O valor de seu trabalho de coaching

Posted by HWBlog em 22/02/2016

produtividade 5Independente do quanto uma sessão de coaching possa parecer bem-sucedida, enquanto em andamento, se ela não levar a uma mudança após ter sido concluída, ele não foi eficaz. Infelizmente é grande o número de gestores que não dão continuidade, desperdiçando o tempo importante que investiram nessa atividade. É possível tornar o processo mais produtivo ao se adotar as seguintes práticas após cada sessão.

Utilize essa lista de dicas e perguntas para ajudá-lo a monitorar o progresso de todos de sua equipe, para quem você está atuando como coach. Ela lhe dará subsídios significativos para as reuniões de acompanhamento assim como nos intervalos entre as sessões.

Logo após a reunião:

Faça anotações. Você não se lembrará de tudo que vê, ouve e pensa sobre o progresso de seus coachees, então anote tudo em um local próprio. Considere também utilizar um template padrão para armazenar essa informação. Boas anotações lhe permitirão fornecer feedback relevante à medida que vai progredindo.

Após cada sessão, pergunte-se:

O que posso fazer para dar assistência ao desenvolvimento desse coachee no intervalo entre esta sessão de coaching e a próxima?

O que aprendi desta sessão que não sabia antes de começar?

O que a pessoa para quem estou atuando como coach aprendeu? Quais mensagens-chave foram reforçadas na sessão?

De modo contínuo:

Se ainda não são, essas tarefas devem se tornar parte da rotina de sua prática de gestão.  Reserve um momento em sua agenda para trabalhar nas tarefas que tem maior dificuldade em lembrar ou concluir.

Observe sinais de crescimento. A fim de fornecer um feedback relevante, é preciso saber o que está acontecendo. Faça um esforço deliberado para observar os tipos de interações ou tarefas que seus coachees priorizaram em suas sessões de coaching.

Se você atuar na empresa, esteja em contato diretamente. Institua uma política explícita de portas abertas que encoraje seus coahees a procurá-lo se tiverem dúvidas. Saber que podem buscar ajuda pode motivá-los a perseverar quando se sentem emperrados.

Comunique o impacto.  À medida que observa a mudança das pessoas comunique o impacto de seu crescimento de forma explícita. Ouvir diretamente de você aumentará sua motivação (e as deixará satisfeitas).

Fique atento a mudanças no relacionamento. Preste atenção à dimensão emocional de suas interações. Se perceber uma mudança que suscite inquietação, intervenha logo. Ainda que não possa fazer nada para ajudar, sua preocupação provavelmente será apreciada.

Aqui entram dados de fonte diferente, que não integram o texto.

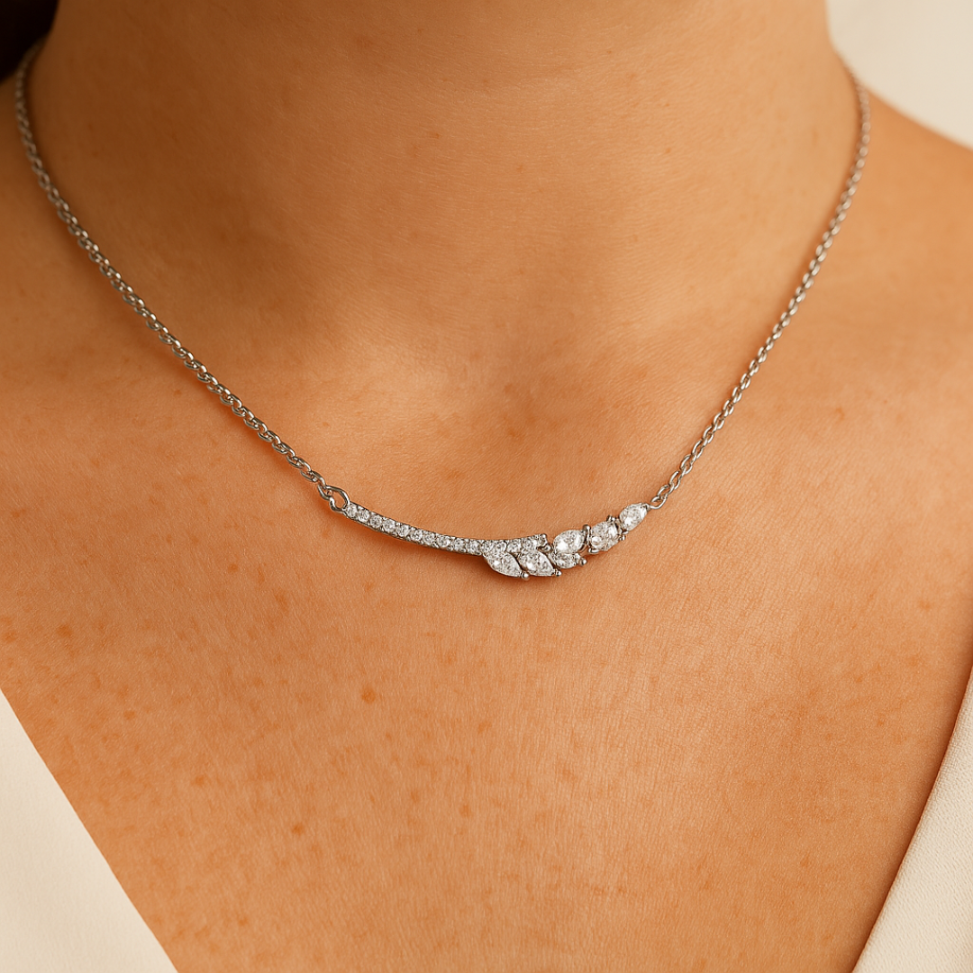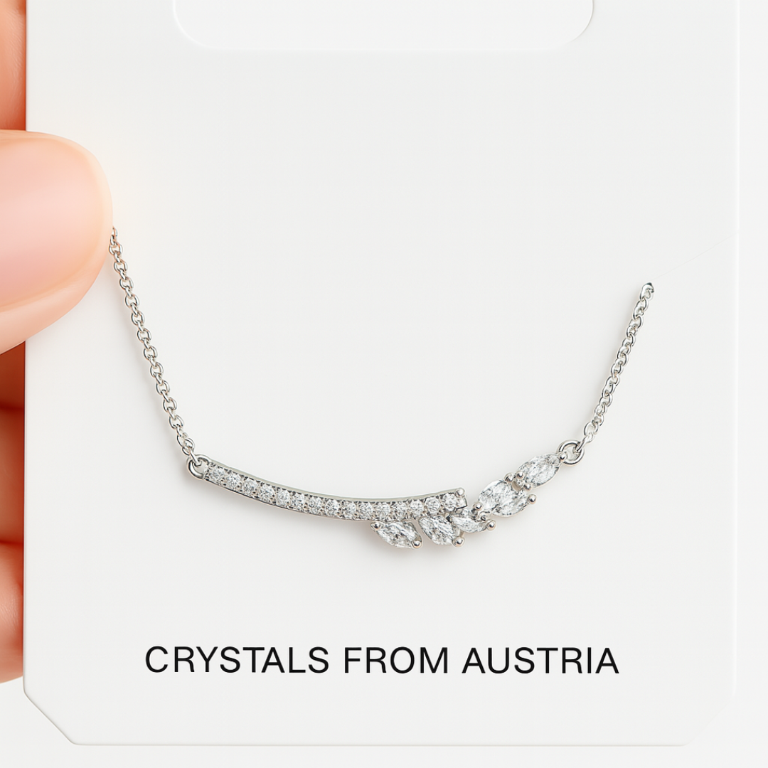 El collar presenta una composición de cristales de Austria de corte marquesa, dispuestos de manera delicada sobre un microengaste que refleja la luz con sutileza y brillo equilibrado. El baño en rodio aporta un acabado luminoso, moderno y duradero, ideal para realzar el diseño y aportar sofisticación atemporal. Su largo de 44 cm y cierre deslizable permiten un ajuste cómodo y versátil.
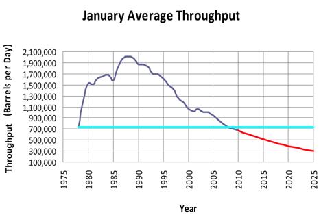 With these concerns on flow rate Alyeska has recently released a report on the consequences of the decreasing flow rates through the pipe, exploring these and other issues in more detail. The greatest temperature effects will occur during the winter months, and in preparing the report they plotted flow rates for January. The following section reviews statements and concerns in that report.
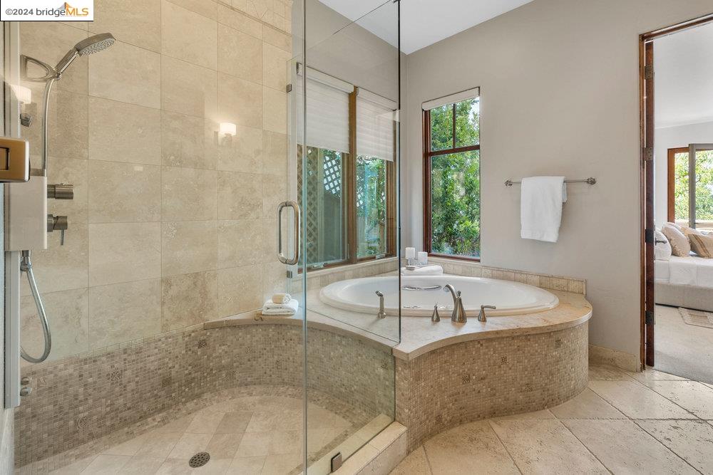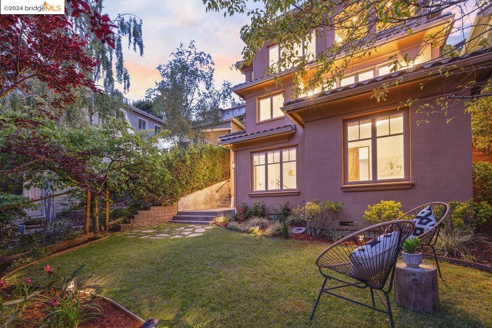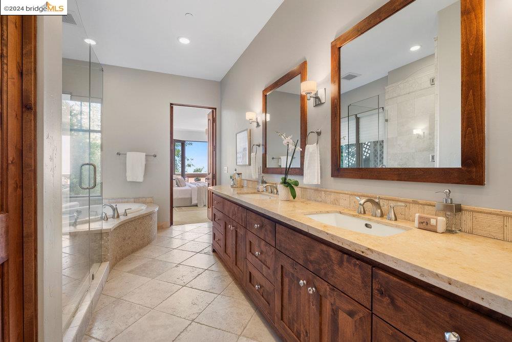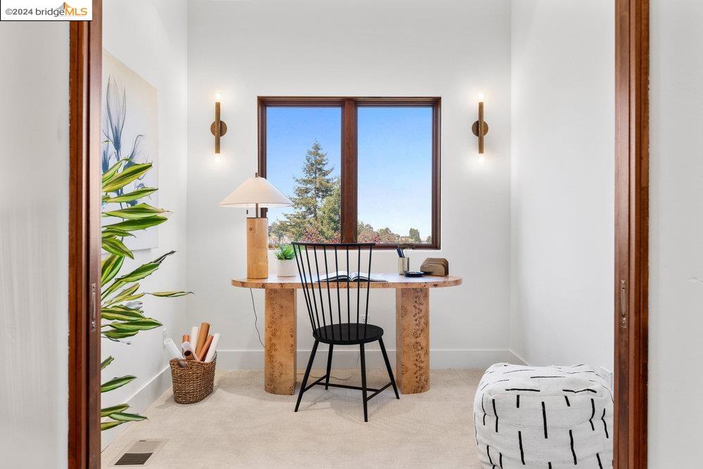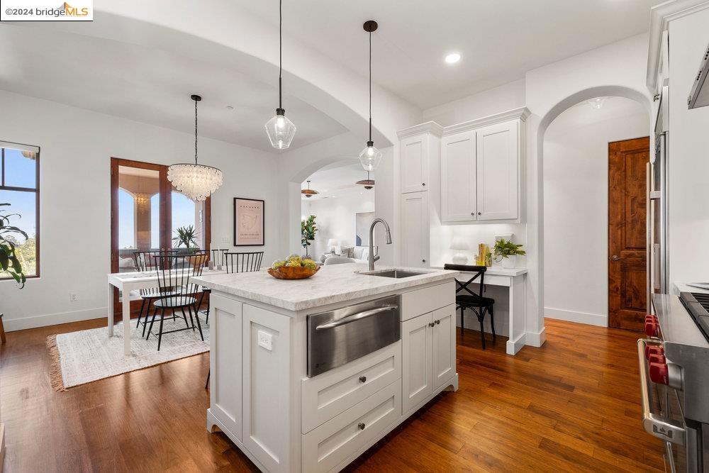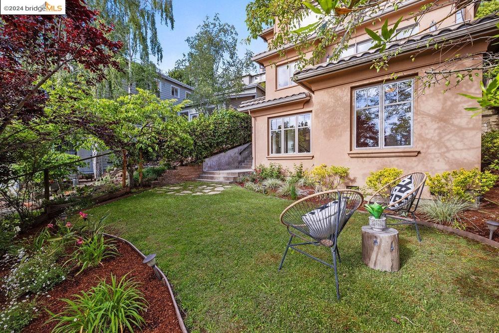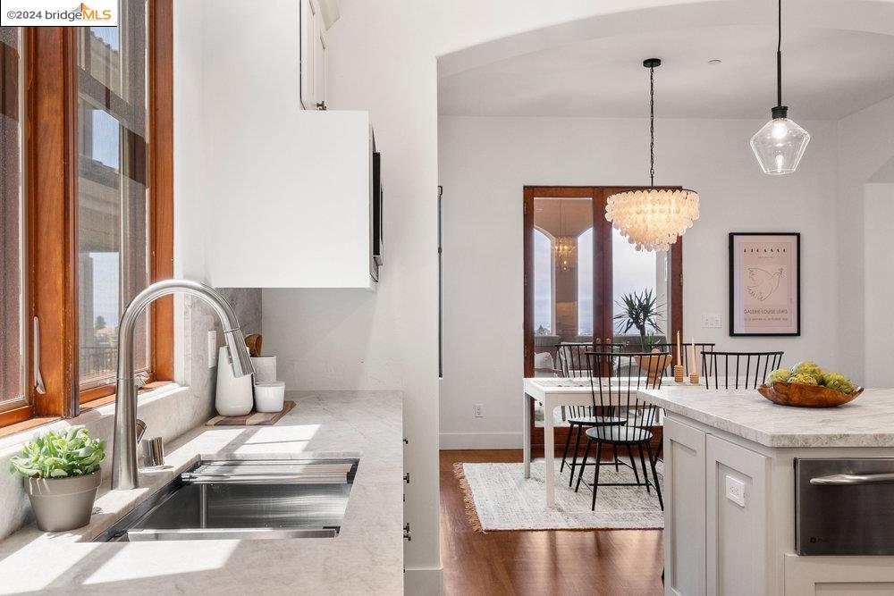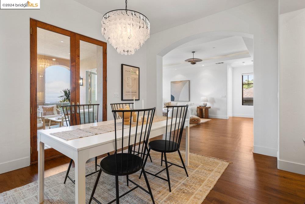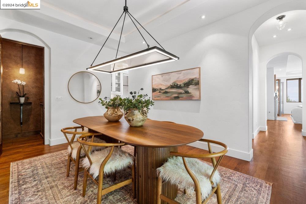 This romantic Montclair Mediterranean welcomes you with enchanting architectural lines and high-end finishes. Warm wood windows and patio doors frame expansive San Francisco Bay and Golden Gate Bridge views. Arched doorways and tray ceilings add interest to the open, airy rooms. Accessible from both the living room and breakfast room, a dreamy loggia offers an outdoor fireplace for entertaining for excellent indoor-outdoor flow. The chef's kitchen is a true delight with honed Taj Mahal quartzite counters, 6-burner Wolf range, Subzero refrigerator, wine fridge, and warming drawer. Just behind the kitchen is a spacious formal dining room with an attached wine room and glass doors leading to the front patio. The lower levels feature four bedrooms and three full bathrooms, including a large primary suite with a private deck for relaxing, night or day. Working from home will never grow old from the home office with a spectacular view and beautiful divided-lite glass doors. A light-filled family room flows nicely to a grassy yard and garden. Additional features of the home include an attached 2-car garage, solar panels, electric car charger, Nest thermostats and exterior cameras, hardwired ethernet, and air conditioning on the main floor. This fine home awaits your arrival.

Faça uma auto avaliação. Avalie periodicamente seu próprio desempenho como coach ao se fazer essas duas perguntas:

Estou atendendo às necessidades de cada pessoa em minha equipe? Trate o seu papel com uma mentalidade de tentativa e erro e mostre flexibilidade para fazer ajustes no decorrer do percurso.  Periodicamente entre em contato direto com todos para quem está atuando como coach para saber o que está funcionando e o que não está – mas confie no seu taco.

Estou cumprindo minha obrigação? Coaching é uma via de mão dupla, então seja honesto consigo mesmo em relação a estar ou não atrapalhando o progresso das pessoas ou passando mensagens confusas quanto às suas expectativas.  Faça o que puder para tornar todos em sua equipe mais bem-sucedidos.

É claro, a tarefa de acompanhamento nunca acaba: oferecer apoio e dar a conhecer e justificar o que se passa são as tarefas perpétuas de um gestor. À medida que se sentir mais à vontade com o coaching, pode ser que não precise mais de uma lista como essa. Mas tenha a lista por perto caso precise se relembrar.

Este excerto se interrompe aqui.